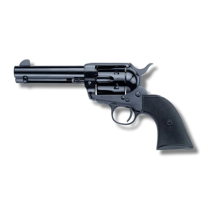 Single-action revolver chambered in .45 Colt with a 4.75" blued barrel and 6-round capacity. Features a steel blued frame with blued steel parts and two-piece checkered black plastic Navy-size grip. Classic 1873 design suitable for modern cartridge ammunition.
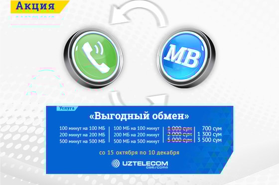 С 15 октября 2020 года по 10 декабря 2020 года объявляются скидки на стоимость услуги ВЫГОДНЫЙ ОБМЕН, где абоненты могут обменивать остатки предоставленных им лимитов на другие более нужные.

........

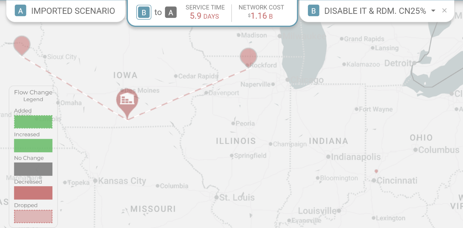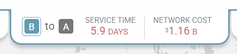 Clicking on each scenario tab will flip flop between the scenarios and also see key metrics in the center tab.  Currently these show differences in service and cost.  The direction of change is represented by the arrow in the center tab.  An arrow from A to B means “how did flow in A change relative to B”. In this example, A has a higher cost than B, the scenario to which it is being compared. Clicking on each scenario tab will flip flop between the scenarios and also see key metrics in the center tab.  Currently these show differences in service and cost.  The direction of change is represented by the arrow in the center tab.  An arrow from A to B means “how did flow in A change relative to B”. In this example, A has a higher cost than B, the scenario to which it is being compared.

........

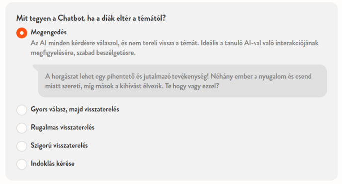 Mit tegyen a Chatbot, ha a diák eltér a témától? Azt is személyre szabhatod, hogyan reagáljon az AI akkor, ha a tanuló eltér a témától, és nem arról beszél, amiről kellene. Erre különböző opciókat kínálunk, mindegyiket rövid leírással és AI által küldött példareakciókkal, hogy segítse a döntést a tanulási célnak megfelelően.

........

What the task asks:
Look back at the data above, then output exactly the lines from the line holding "Single-action revolver chambered" up to and including the line holding "С 15 октября". Leave out the pictures.

Response to the task:
 Single-action revolver chambered in .45 Colt with a 4.75" blued barrel and 6-round capacity. Features a steel blued frame with blued steel parts and two-piece checkered black plastic Navy-size grip. Classic 1873 design suitable for modern cartridge ammunition.
 С 15 октября 2020 года по 10 декабря 2020 года объявляются скидки на стоимость услуги ВЫГОДНЫЙ ОБМЕН, где абоненты могут обменивать остатки предоставленных им лимитов на другие более нужные.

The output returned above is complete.